In Chapters 19, 21, and 22 we talk about both the average treatment effect (ATE) and the average treatment effect on the treated (ATET). We discuss how to compute it in some cases and how to interpret them. In this short piece let us discuss two points scattered in the book: which one should we care about and what is the difference in terms of computation.
Which one shall we care about?
Whether ATE or ATET is the more policy relevant one depends on the situation. Who the non-treated are who are included in ATE but not ATET, and will the implementation you really care about have the same kind of individuals left out from ATET. Your slides say “gains from the intervention for those subject it was intended to, and can be compared with its costs” well that may not be true, ATET is different when there is selection, maybe that selection is different in the data than what you want it to be in the implementation you care about (e.g., want to introduce a compulsory program, data compares implementation for some subjects comparing other subjects for whom it was not implemented yet). You may also care about spillovers on non-treated ones.

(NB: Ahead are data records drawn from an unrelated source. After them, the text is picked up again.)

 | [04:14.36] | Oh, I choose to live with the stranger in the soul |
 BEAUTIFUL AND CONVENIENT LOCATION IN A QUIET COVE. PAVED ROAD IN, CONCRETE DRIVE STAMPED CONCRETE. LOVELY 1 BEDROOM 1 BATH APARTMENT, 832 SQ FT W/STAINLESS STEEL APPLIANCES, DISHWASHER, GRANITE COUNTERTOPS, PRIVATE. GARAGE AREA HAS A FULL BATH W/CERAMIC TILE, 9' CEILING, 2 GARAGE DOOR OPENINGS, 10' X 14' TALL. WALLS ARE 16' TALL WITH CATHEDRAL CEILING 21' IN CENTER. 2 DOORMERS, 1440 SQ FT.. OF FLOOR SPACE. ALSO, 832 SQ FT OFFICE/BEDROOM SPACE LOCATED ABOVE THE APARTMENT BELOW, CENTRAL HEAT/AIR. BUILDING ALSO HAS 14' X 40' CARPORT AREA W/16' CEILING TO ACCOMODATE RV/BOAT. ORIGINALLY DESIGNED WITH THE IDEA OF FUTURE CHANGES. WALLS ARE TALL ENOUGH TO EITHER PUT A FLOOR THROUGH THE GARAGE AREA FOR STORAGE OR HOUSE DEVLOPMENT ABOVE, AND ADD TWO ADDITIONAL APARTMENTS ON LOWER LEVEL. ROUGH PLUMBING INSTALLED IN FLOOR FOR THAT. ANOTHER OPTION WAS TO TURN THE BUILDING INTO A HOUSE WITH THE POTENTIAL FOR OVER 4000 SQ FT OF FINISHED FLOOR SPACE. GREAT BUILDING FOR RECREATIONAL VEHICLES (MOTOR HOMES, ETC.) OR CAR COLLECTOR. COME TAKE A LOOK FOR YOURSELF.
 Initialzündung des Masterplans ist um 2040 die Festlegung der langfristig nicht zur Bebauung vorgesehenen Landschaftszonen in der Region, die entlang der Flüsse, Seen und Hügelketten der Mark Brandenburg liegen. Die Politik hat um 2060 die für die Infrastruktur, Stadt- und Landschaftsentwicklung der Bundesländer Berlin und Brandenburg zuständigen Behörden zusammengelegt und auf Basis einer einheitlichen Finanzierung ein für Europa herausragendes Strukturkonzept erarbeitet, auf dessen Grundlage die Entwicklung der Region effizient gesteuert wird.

This is explained in detail in Chapter 21. Basically, (just copy text) “When unweighted, this is an estimate of the average treatment effect on the treated (ATET), because each difference within the average is computed for each and every observation with x = 1. If the weights include the number of x = 0 observations, too, it’s an estimate of the average treatment effect (ATE).”
Plus, actually, you can estimate ATET by OLS in a way that is analogous to ATET vs ATE with matching: reweight observations by the distribution of confounders in the treated group. OLS estimates ATE for the population represented by the data. Weights can make that data represent the treated ones. With many confounder variables that can be cumbersome in practice just like exact matching would be. But you can approximate it by estimating the pscore and using it as a weight. BTW you can also have the pscore as your only rhs variable besides the causal variable instead of all the confounders.

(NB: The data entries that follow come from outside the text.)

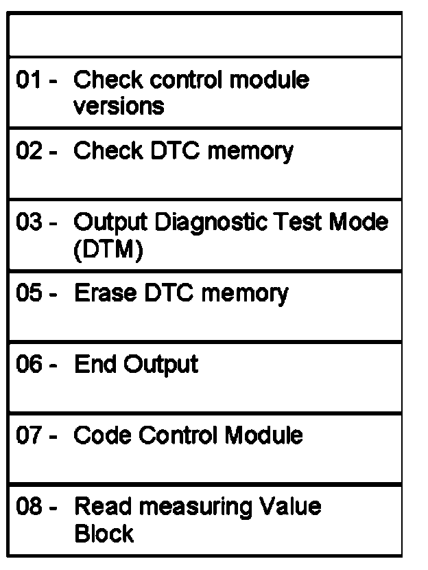 ^ In function I "Rapid data transmission", the automatic test sequence (buttons 00) can be performed. In this function all control modules of the vehicle are automatically checked.
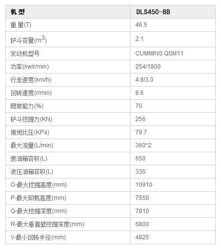 DLS450-8B采用原装进口康明斯发动机,额定功率为252KW/1800rpm;功率大,油耗低,维护费用低;最大爬坡角度35°,液压系统采用日本川崎公司专项设计、匹配的液压系统和日本KYB公司的行走马达,确保液压系统工作的可靠性和稳定性,监控器采用世界先进的EPOS电子功率自动控制系统,履带架、上转台、动臂、斗杆、挖斗,材料选用及制造工艺完全按照国际KES标准要求,强度高、性能好;依据人机工程学设计的驾驶室具有像家一样的操作环境和优良的可视性,低噪音,全视野的前窗及侧窗确保在所有方向有优良的可视性,驾驶室内标准配置自动空调系统,使驾驶员有一个好的操作环境。
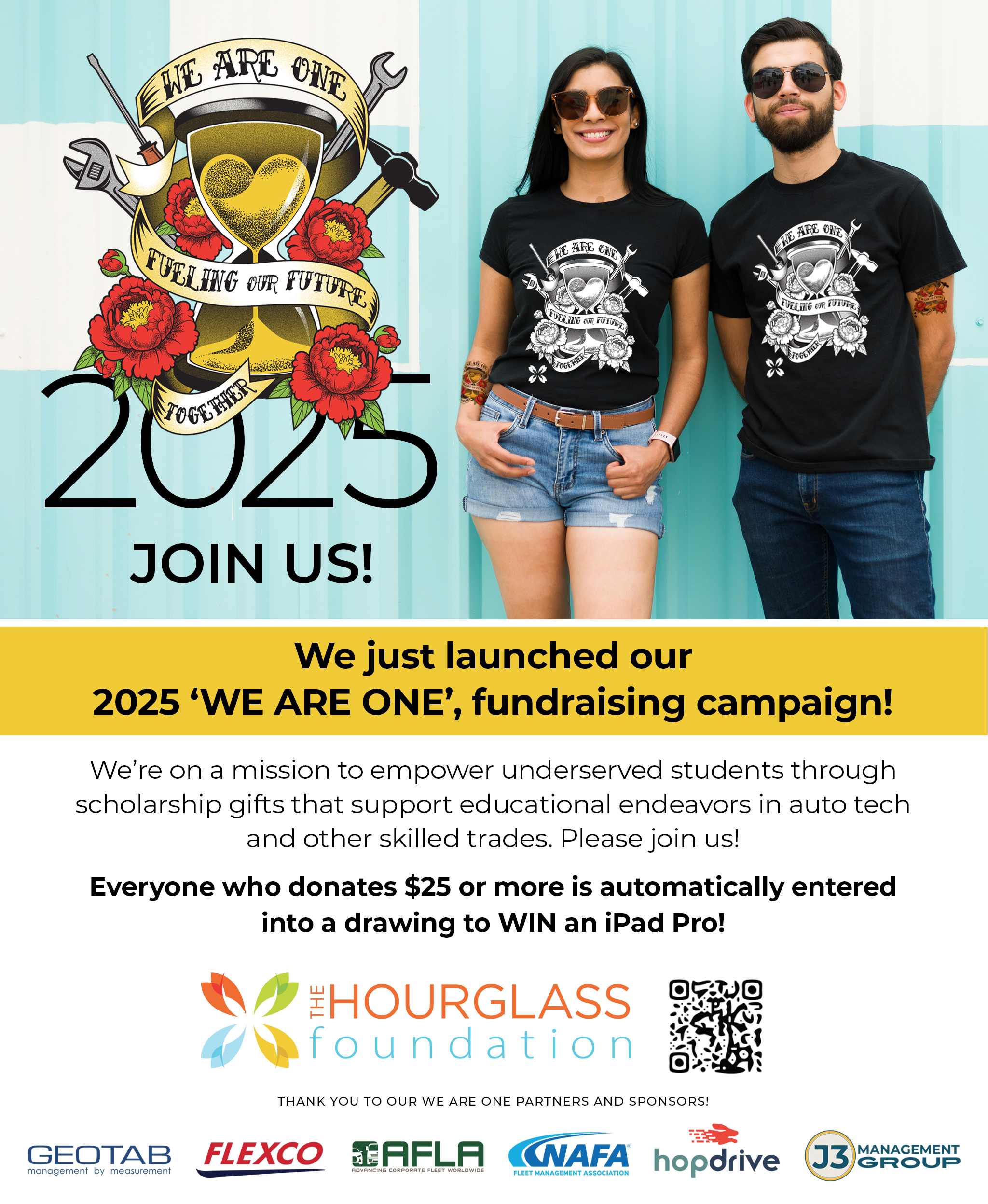 The Hourglass Foundation’s We Are One campaign is in partnership with NAFA Fleet Management Association, Automotive & Fleet Leasing Association (AFLA), Geotab, and Flexco Fleet Services, and sponsored in part by HopDrive and J3 Management Group. As part of the overall fundraiser, the Foundation hopes to raise $40,000+ for future scholarship gifts.
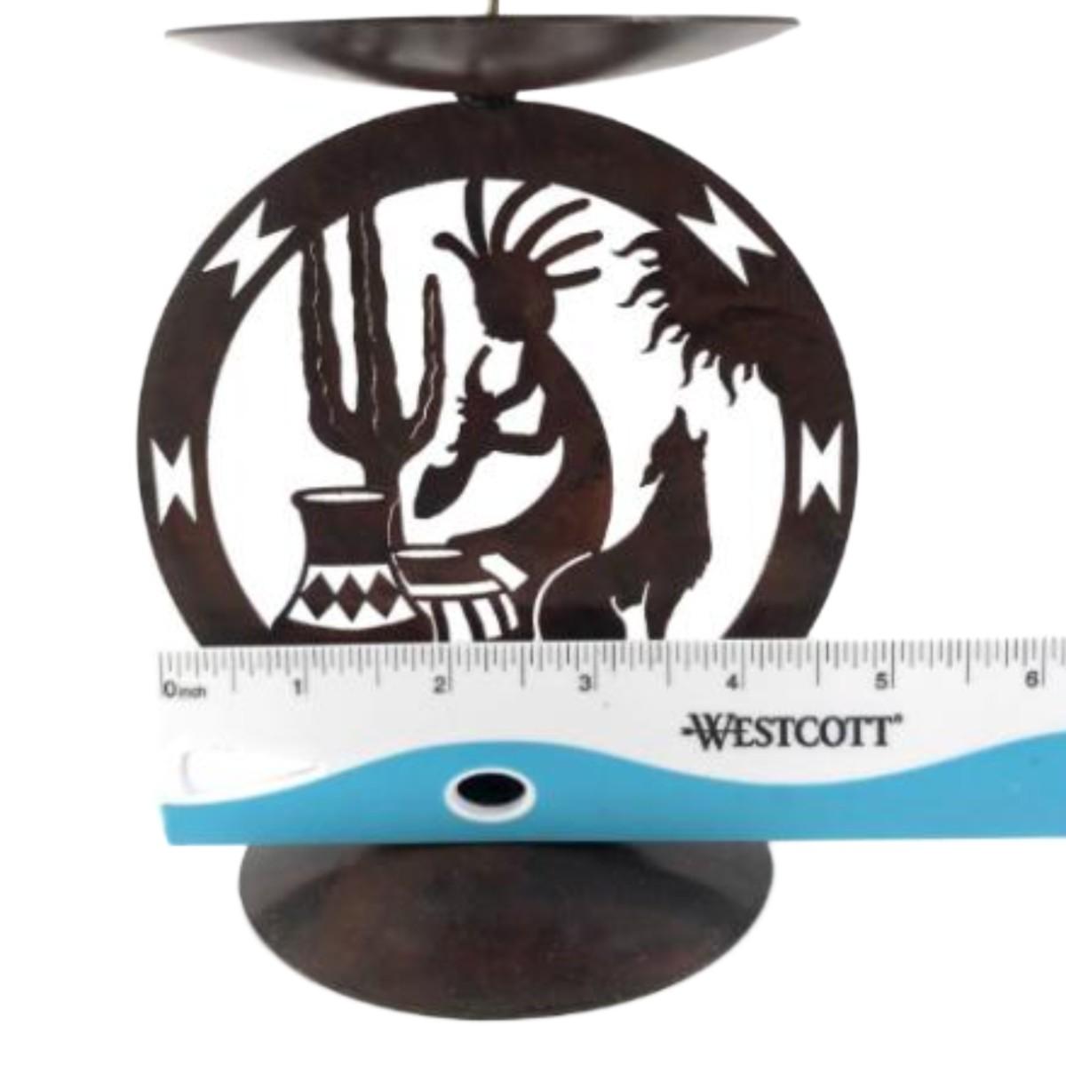 Metal pillar candle stand with coyote, Kokopelli, and saguaro cactus. Super neat southwest design! Please see photos for measurements.
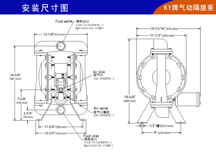 9、KY牌鋁合金氣動隔膜泵整體構(gòu)造上更加優(yōu)化,泵腔和主管路都有明顯加強(qiáng),自吸功能和流量揚(yáng)程都有很大改善。
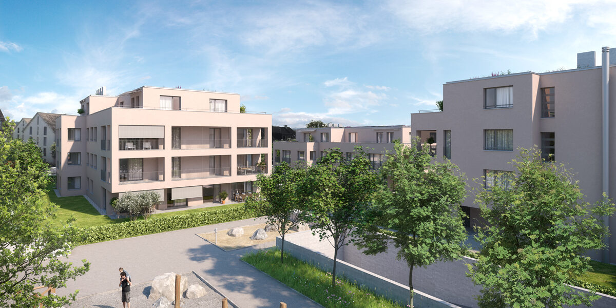 Zwi­schen den drei Mehr­fa­mi­li­en­häu­sern fin­den sich gross­zü­gi­ge und smart kon­zi­pier­te Grün­flä­chen. Die­se of­fe­rie­ren ei­ne ab­wechs­lungs­rei­che Be­pflan­zung mit Bäu­men und Ge­hölz so­wie ei­ne Spiel­gas­se plus ei­nen mit Spiel­ge­rä­ten aus­ge­stat­te­ten Spiel­platz. Das al­les er­gibt ei­ne An­la­ge, in der sich die Frei­zeit in vol­len Zü­gen ge­nies­sen lässt. Zum Pro­jekt ge­hö­ren auch ei­ne ge­mein­sa­me Tief­ga­ra­ge, di­ver­se Be­su­cher­park­plät­ze und Ab­stell­räu­me für Ihr Ve­lo.

As explained in Chapter 22, “Diff-in-diffs gives a good estimate of the average treatment effect on the treated (ATET) if the averagechange among untreated subjects is a good counterfactual to the average change among treated subjects. That happens if the outcome of the treated subjects would have changed, on average, in the same way as it changed among the untreated subjects, had the intervention not taken place. In addition, diff-in-diffs gives a good estimate of the overall average treatment effect (ATE) under two conditions. First, the previously described condition for the ATET is satisfied. Second, if the average change among treated subjects is a good counterfactual to the average change among untreated subjects. This second condition is met if the outcome of the untreated subjects would have changed, on average, the same way as the outcome would have changed for the treated subjects, had they, too, been treated”
We have not dwelled on details a great deal. You may turn to Imbens for more ideas.